In this preliminary analysis of immune activation in patients with advanced solid tumors, analysis of peripheral blood shows immune cell modulation that is consistent with what has been observed in preclinical studies and in patients with recurrent high grade glioma treated with Toca 511 & Toca FC in previous clinical trials. In addition, available tumor samples from three patients show Toca 511 infected both "hot" (T cells present) and "cold" (T cells low or absent) areas of metastatic tumor, suggesting Toca 511 can penetrate multiple tumor microenvironments. Toca 511 & Toca FC treatment was well tolerated.
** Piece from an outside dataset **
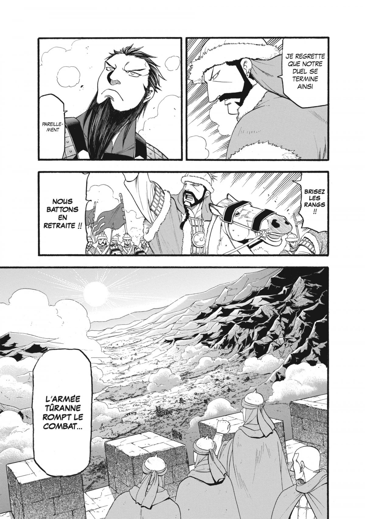 L’armée tûranne compte bien profiter du désordre qui règne au sein du royaume parse pour s’accaparer de nouveaux territoires. Devant à tout prix protéger sa base arrière à Peshawar, le prince Arslân ordonne à ses troupes de faire demi-tour, mettant de côté ses plans de reconquête de la capitale. C’est alors que dans les tréfonds du mont Demavand, une terrible menace est tirée d’un long sommeil...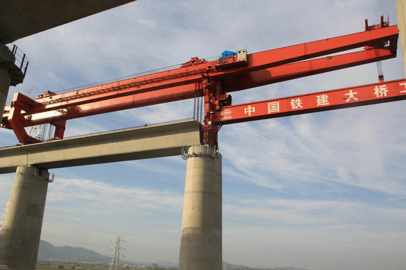 新建巢馬城際鐵路先行段箱梁預(yù)制、梁架設(shè)共計(jì)56孔,全部由中鐵建大橋局商合杭鐵路站前十四標(biāo)二分部含山制梁場(chǎng)負(fù)責(zé)施工,歷時(shí)36天,最終成功完成全部箱梁架設(shè)。

"The encouraging preliminary immune activity data from the Toca 6 trial continue to support the proposed mechanism of action for Toca 511 & Toca FC and its potentbiial in the treatment of multiple cancers," said Asha Das, M.D., chief medical officer of Tocagen. "We look forward to advancing expansion opportunities for our lead product in patients with solid tumors."
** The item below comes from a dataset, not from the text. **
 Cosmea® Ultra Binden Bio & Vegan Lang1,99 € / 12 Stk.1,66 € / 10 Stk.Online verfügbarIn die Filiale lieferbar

CRI-CIMT-EATI-AACR Abstract/Poster Number: A018
Abstract Title: Effects of Toca 511 & Toca FC on tumor microenvironment and peripheral blood populations in patients with advanced malignancies
Date: Sunday, September 30, 2018
Time: 11:45 a.m. – 2:15 p.m. ET
The poster is available on Tocagen’s website.

About Toca 6
Toca 6 is a multi-center, open-label Phase 1b study evaluating Toca 511 & Toca FC in patients with advanced solid tumors. The study will evaluate the safety and presence of Toca 511 genes in tumors of patients with widely disseminated disease, immunologic activity in blood and tumor, and clinical activity such as tumor response and clinical benefit. More information can be found at www.tocagen.com/toca6 or by searching clinicaltrials.gov using the clinical trial identifier NCT02576665.

About Toca 511 & Toca FC
Tocagen’s lead product candidate is a two-part cancer-selective immunotherapy comprising an investigational biologic, Toca 511, and an investigational small molecule, Toca FC. Toca 511 is a retroviral replicating vector (RRV) that selectively infects cancer cells and delivers a gene for the enzyme, cytosine deaminase (CD). Through this targeted delivery, only infected cancer cells carry the CD gene and produce CD. Toca FC is an orally administered prodrug, 5-fluorocytosine (5-FC), which is converted into an anti-cancer drug, 5-fluorouracil (5-FU), when it encounters CD. 5-FU kills cancer cells and immune-suppressive myeloid cells resulting in anti-cancer immune activation and subsequent tumor killing.